Figure 2 Labour market returns to naturalisation: Marginal treatment effects

Figure 2 Labour market returns to naturalisation: Marginal treatment effects

Policy implications

While restrictive policies and conditionality of eligibility rules may generate positive incentive effects to integrate, one cannot ignore the risk that setting the bar too high may discourage the integration of those with a weaker labour market attachment (Arendt et al. 2023). These estimates strongly suggest that current citizenship regimes in European countries prevent access to naturalisation precisely for those who could gain from it in terms of improved labour market integration. This finding thus implies that making eligibility rules more lenient for all types of migrants – and not just refugees – may potentially lead to more economically active and integrated migrant workers while yielding sizeable economic benefits for hosting societies.

References

Arendt, J, C Dustmann and H Ku (2023), “Refugee integration policies can lead to poorer integration outcomes”, VoxEU.org, 22 August.
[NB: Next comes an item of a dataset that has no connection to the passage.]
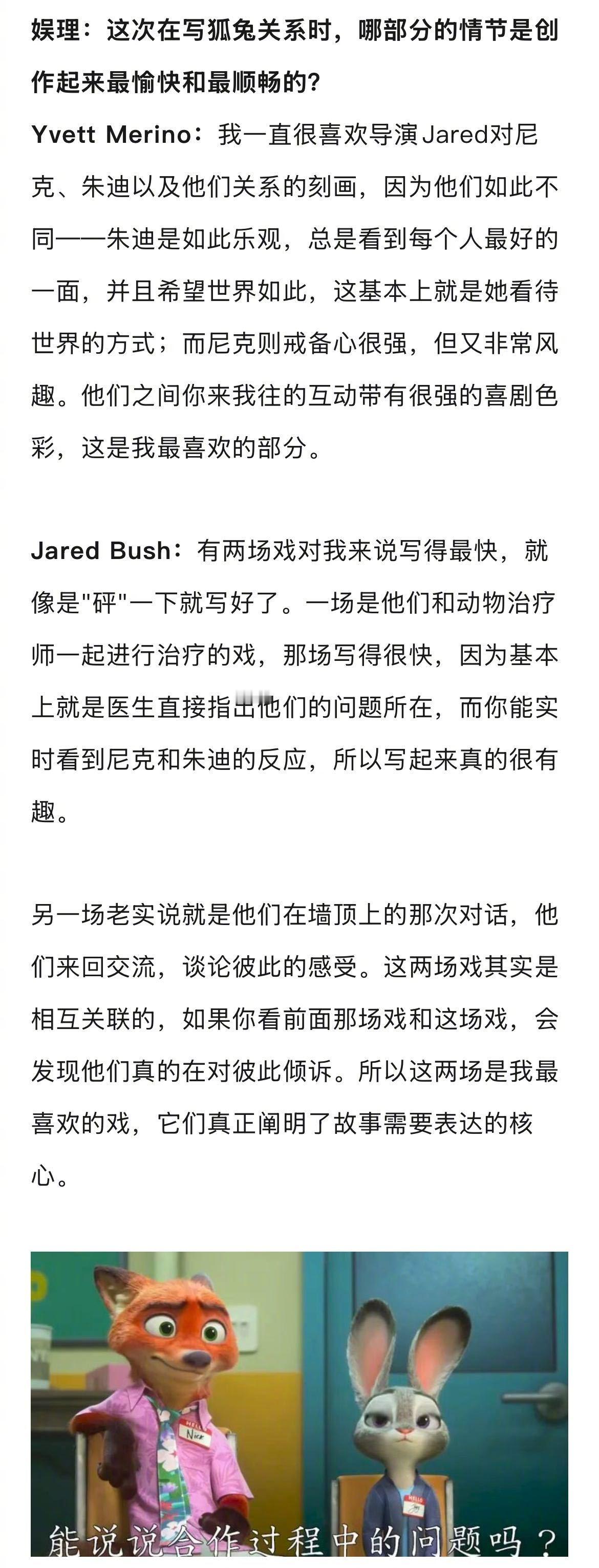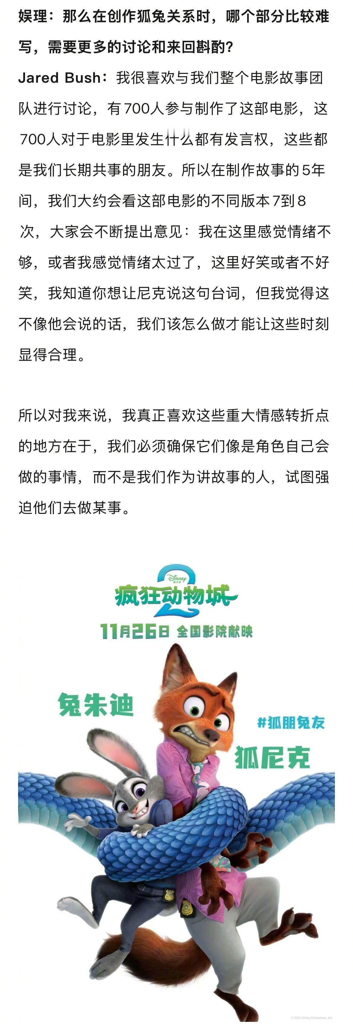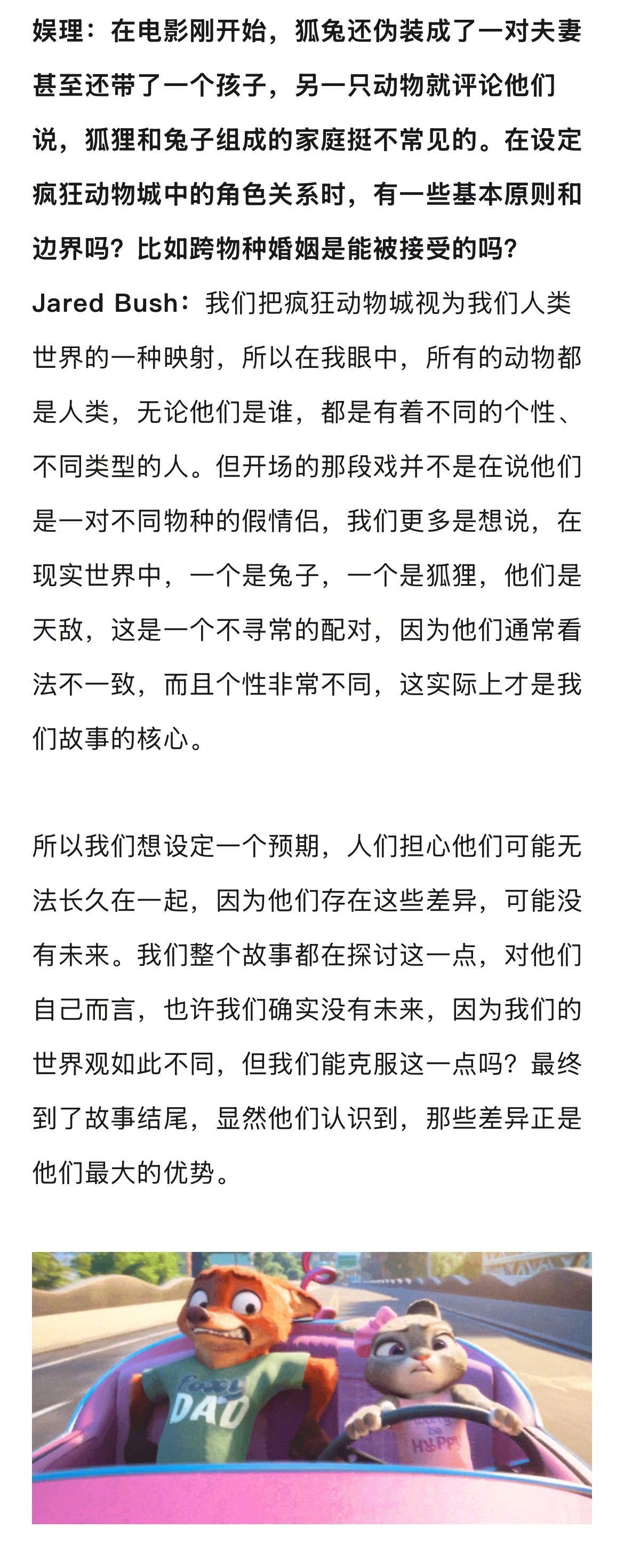 导演谈朱迪尼克是灵魂伴侣的原因《疯狂动物城2》导演确认尼克朱迪是他创作的最喜欢的角色之一,“他们俩在一起时有种非常有趣的化学反应。我认为秘诀在于他们并不完美,他们有缺点,他们会犯错,并且他们会从错误中吸取教训。我认为尼克仍然是个戒备心很强的角色,一个戒备心强的角色需要一个理由来更多地敞开心扉…”导演谈《疯狂动物城3》尼克朱迪成长空间:我的希望是,他们在这部电影中所经历的关系旅程,我们能在未来继续看到后续发展。我认为他们仍然像我们所有人一样,关于彼此、关于自身,还有很多需要学习的地方。他们在前进的道路上只会变得越来越强大。导演回应疯狂动物城3和朱迪尼克一起重返动物城

Fasani, F, T Frattini and M Pirot (2023), "From Refugees to Citizens: Labor Market Returns to Naturalization," CEPR Discussion Paper 18675

Fasani, F, T Frattini and L Minale (2022), "(The Struggle for) Refugee integration into the labour market: evidence from Europe [Cashier or consultant? Entry labor market conditions, field of study, and career success]," Journal of Economic Geography 22(2): 351-393.

Hainmueller, J, D Hangartner and G Pietrantuono (2017), “Catalyst or crown: Does naturalization promote the long-term social integration of immigrants?”, American Political Science Review 111(2): 256–276.

Hasager, L, G Peri and M Foged (2022), “Language training and placement in strong labour markets promote refugees’ long-run economic integration”, VoxEU.org, 11 December.

Vonnahme, C and C Gathmann (2022), “Citizenship policies and educational performance of immigrant children”, VoxEU.org, 17 November.